From the Guidelines
Mupirocin is the primary topical antibiotic recommended for treating localized MRSA skin infections, applied as a 2% ointment to the affected area three times daily for 5-10 days. This recommendation is based on the most recent and highest quality study available, which suggests that mupirocin is effective in treating minor skin infections, such as impetigo, and secondarily infected skin lesions, including those caused by MRSA 1.
Key Points to Consider
- Mupirocin is typically applied as a 2% ointment (brand name Bactroban) to the affected area three times daily for 5-10 days.
- For nasal decolonization, mupirocin is applied inside each nostril twice daily for 5 days.
- Retapamulin (Altabax) is an alternative option for skin infections, applied twice daily for 5 days.
- Topical antibiotics work by disrupting bacterial protein synthesis, preventing MRSA from reproducing.

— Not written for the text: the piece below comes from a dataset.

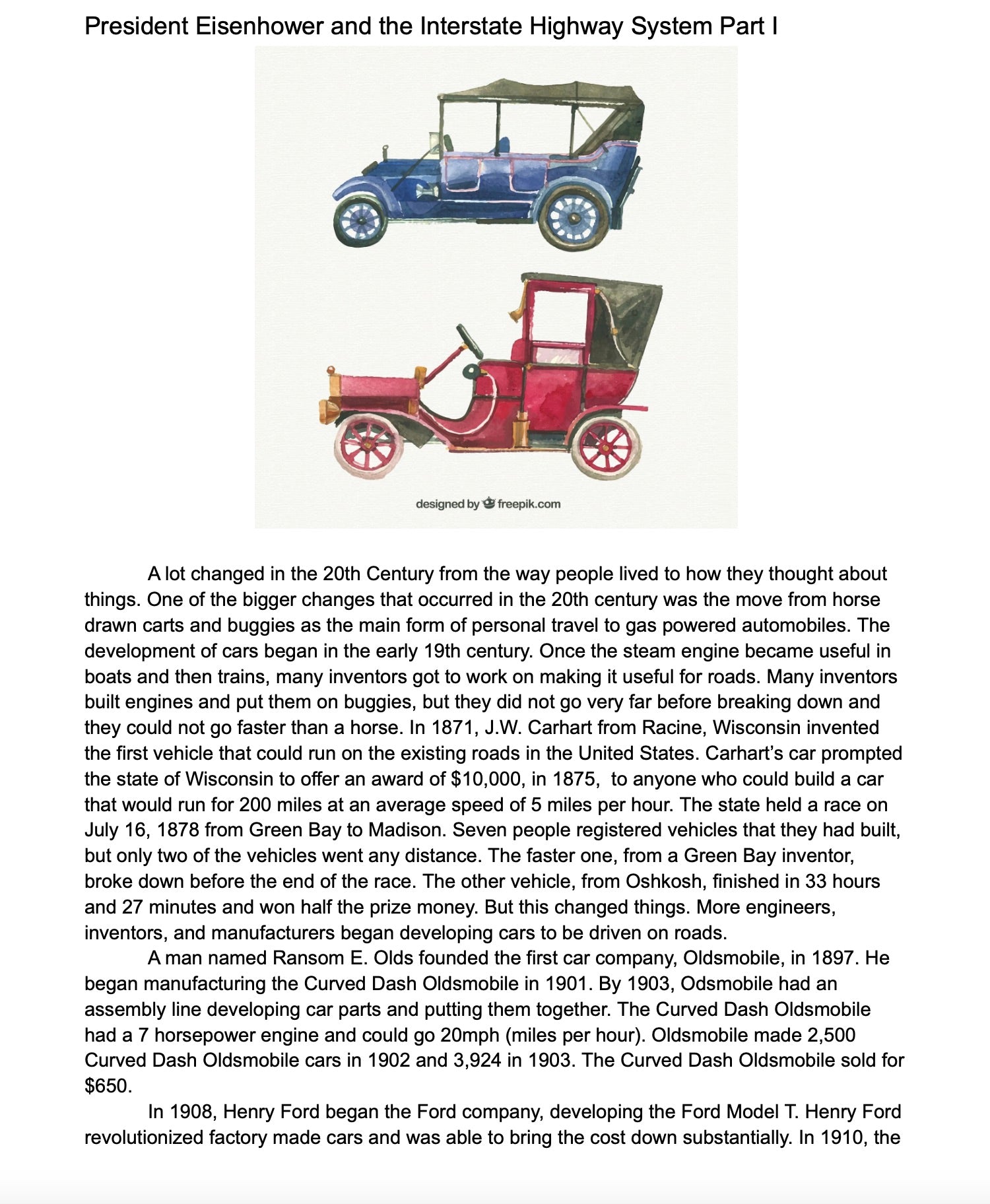 Next the lesson moves into a pretty funny and interesting to learn story about an American Army Convoy that inspired President Eisenhower to propose and fund the interstate highway system that we have today.

- It's essential to complete the full course of treatment even if symptoms improve quickly and combine antibiotic treatment with proper wound care, including regular cleaning and covering the infected area to prevent spread to others.
Important Considerations for Treatment
- The use of topical antibiotics, such as mupirocin, should be guided by knowledge of local patterns of susceptibility of S. aureus, especially local rates of MRSA 1.
- For more extensive MRSA infections, topical treatment alone is usually insufficient, and oral antibiotics like trimethoprim-sulfamethoxazole, doxycycline, or linezolid may be necessary 1.
- The choice of antibiotic should be based on the severity of the infection, the presence of systemic illness, and the patient's underlying health status 1.
References to Support Recommendations
The recommendations provided are supported by studies published in reputable journals, including Pediatrics 1 and Clinical Infectious Diseases 1, which emphasize the importance of proper antibiotic use and wound care in the treatment of MRSA infections.
From the Research
Topical Antibiotics for MRSA
- Mupirocin is a topical antibiotic that has been shown to be effective in treating MRSA infections, particularly in burn wounds 2, 3.
- Studies have demonstrated that mupirocin can eliminate MRSA in burn wounds, with a maximum therapeutic response seen within 4 days 2.
- Mupirocin has been recommended for use on a selective basis, when current prophylactic topical therapy has failed to control MRSA infection in burns of less than 20% of the total body surface area, and for a limited period of 5 days 2.
- However, the emergence of mupirocin resistance, both high- and low-level, has been reported, which can reduce the effectiveness of decolonizing strategies for S. aureus or MRSA 4, 5.
- Retapamulin is another topical antibiotic that has been approved for the treatment of uncomplicated superficial skin infections caused by Staphylococcus aureus (excluding MRSA) and Streptococcus pyogenes, but its efficacy against MRSA is reduced 6.